Happy library loot day! Claire has the link-up this week.

So my last few Library Loot posts were really short, without any synopses. The main reason is that I was in Singapore – more on that another time. And it was hard to copy/paste using a phone or tablet. So I did super short posts. I don’t know if you guys actually read these synopses?

What I got from the library this week:

The Woman in the Purple Skirt – Natuso Imamura, translated by Lucy North

lmost every day, the Woman in the Purple Skirt buys a single cream bun and goes to the park, where she sits on a bench to eat it as the local children taunt her. She is observed at all times by the undetected narrator, the Woman in the Yellow Cardigan. From a distance the Woman in the Purple Skirt looks like a schoolgirl, but there are age spots on her face, and her hair is dry and stiff. Like the Woman in the Yellow Cardigan, she is single, she lives in a small, run-down apartment, and she is short on money. The Woman in the Yellow Cardigan lures her to a job where she herself works, as a hotel housekeeper; soon the Woman in the Purple Skirt is having an affair with the boss. Unfortunately, no one knows or cares about the Woman in the Yellow Cardigan. That’s the difference between her and the Woman in the Purple Skirt.

Studiously deadpan, highly original, and unsettling, The Woman in the Purple Skirt explores the dynamics of envy, the mechanisms of power in the workplace, and the vulnerability of unmarried women in a taut, voyeuristic narrative about the sometimes desperate desire to be seen. 

This must be fated. I was just opening my Libby app to see what other ebooks I had borrowed earlier this week… and hello, I saw the notification that my hold on this book had come in.
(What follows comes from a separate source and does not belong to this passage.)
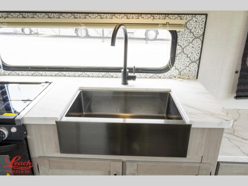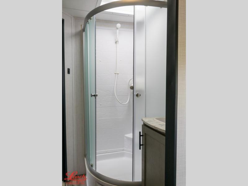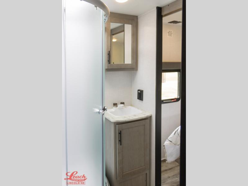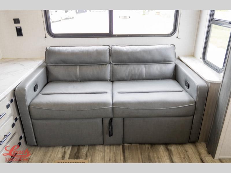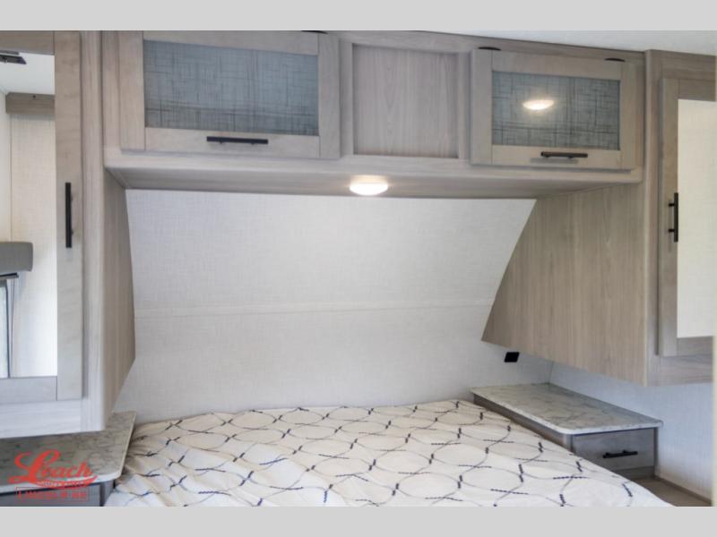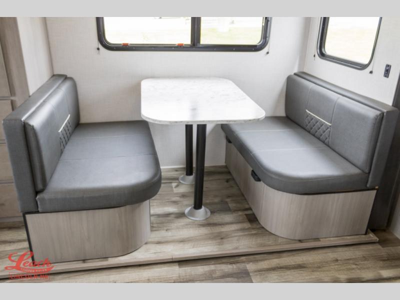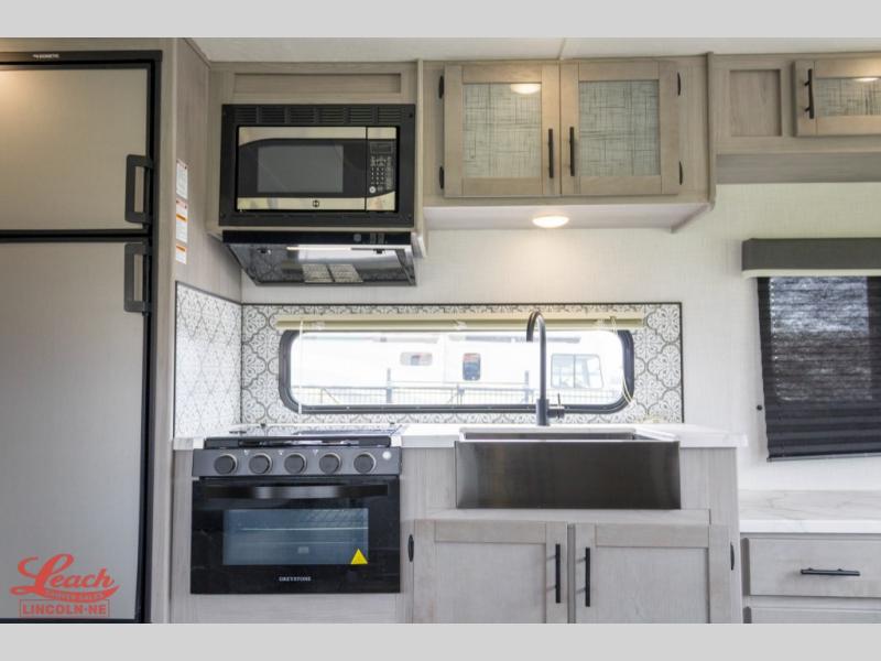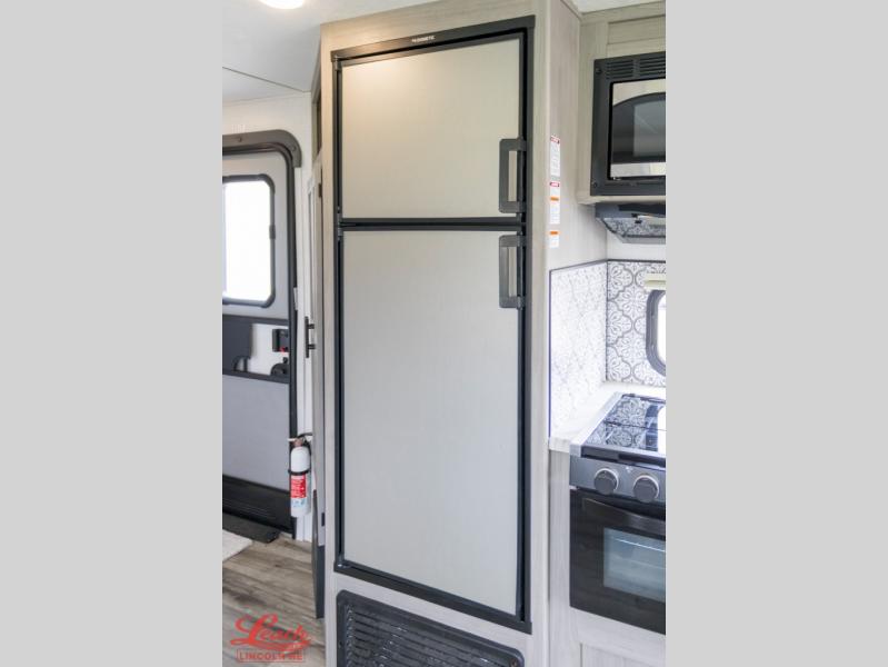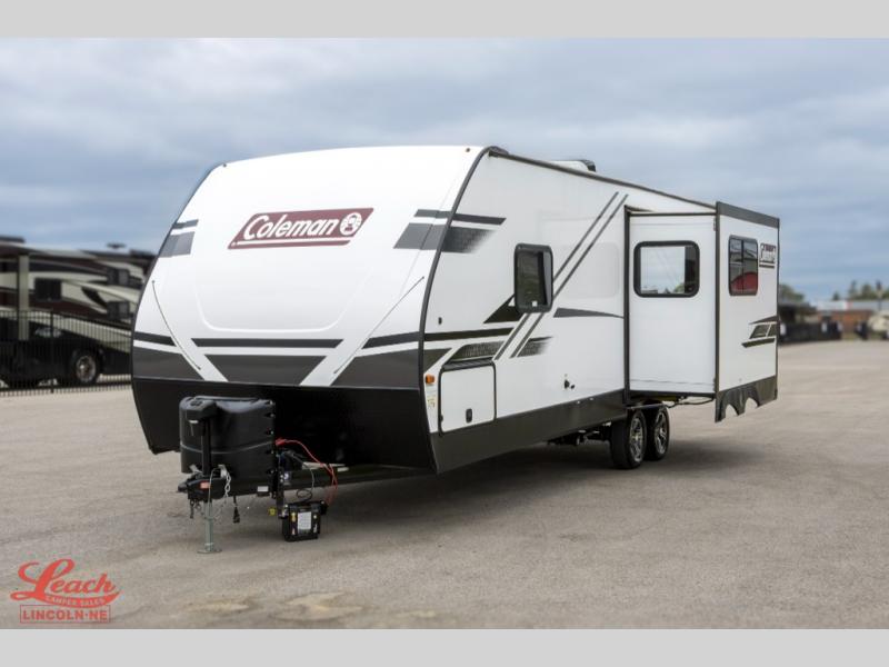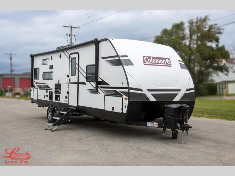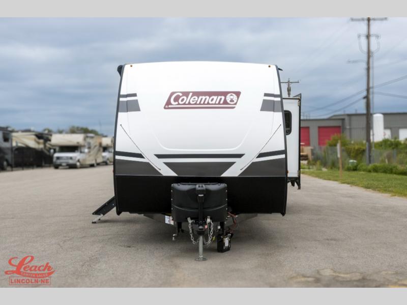 The Dutchmen Coleman Light travel trailer features an upgraded kitchen package with residential appliances, high-rise faucets, and a stainless steel farm-style sink. The fully enclosed underbelly allows all of your trailer's vital functions to be kept out of the freezing cold, and you'll have great stability as you enter your trailer by using the solid entry steps. Each model includes power stabilizer jacks, a power tongue jack, dual 20-LB propane tanks, a residential queen bed, and preparations for Wi-Fi 4G LTE. There is an aerodynamic front fiberglass cap, exterior speakers, solar charging connection, and aluminum wheels.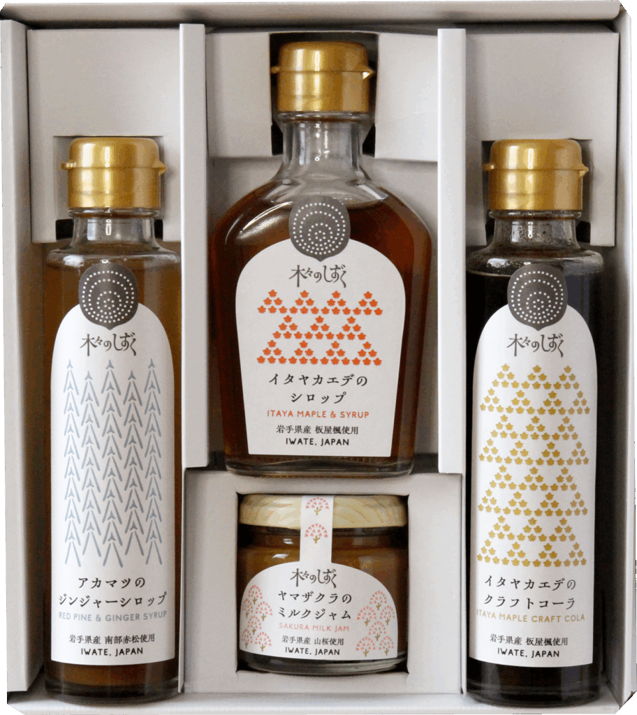 岩手の木々から抽出した天然の香りを活かした、クラフト感あふれる新シリーズ「木々のしずく」より、人気の4品をセレクト。ジンジャーエールやクラフトコーラ、シロップ、ジャムなど、自然の風味を楽しめる贅沢な詰め合わせです。大切な方への贈り物にもどうぞ。

This Must Be The Place – Maggie O’Farrell

Daniel Sullivan, a young American professor reeling from a failed marriage and a brutal custody battle, is on holiday in Ireland when he falls in love with Claudette, a world-famous sexual icon and actress who fled fame for a reclusive life in a rural village. Together, they make an idyllic life in the country, raising two more children in blissful seclusion—until a secret from Daniel’s past threatens to destroy their meticulously constructed and fiercely protected home. What follows is a journey through Daniel’s many lives told in his voice and the voices of those who have made him the man he is: the American son and daughter he has not seen for many years; the family he has made with Claudette; and irrepressible, irreverent Claudette herself. Shot through with humor and wisdom, This Must Be the Place is a powerful rumination on the nature of identity, and the complexities of loyalty and devotion—a gripping story of an extraordinary family and an extraordinary love. 

Three Bedrooms in Manhattan – Georges Simenon

Two people who didn’t know each other and who had come together by a miracle in the great city, and who now clung desperately to each other, as if already they felt a chilly solitude settling in. A divorced actor and a lonely woman, both adrift in New York, meet by chance in an all-night diner.

It is the start of something, though neither is sure what.

As they move through neon-lit streets, bars, rented rooms and cheap motels, these two lost souls struggle to understand what it is that has brought them, in spite of themselves, inexorably together. 

One Comment

  1. Yeah for Maggie O’Farrell! Hard to go wrong with her. As for the synopses, I generally skim them to get a sense of what the book is about but didn’t miss their absence (just meant an excuse to search things out on my own).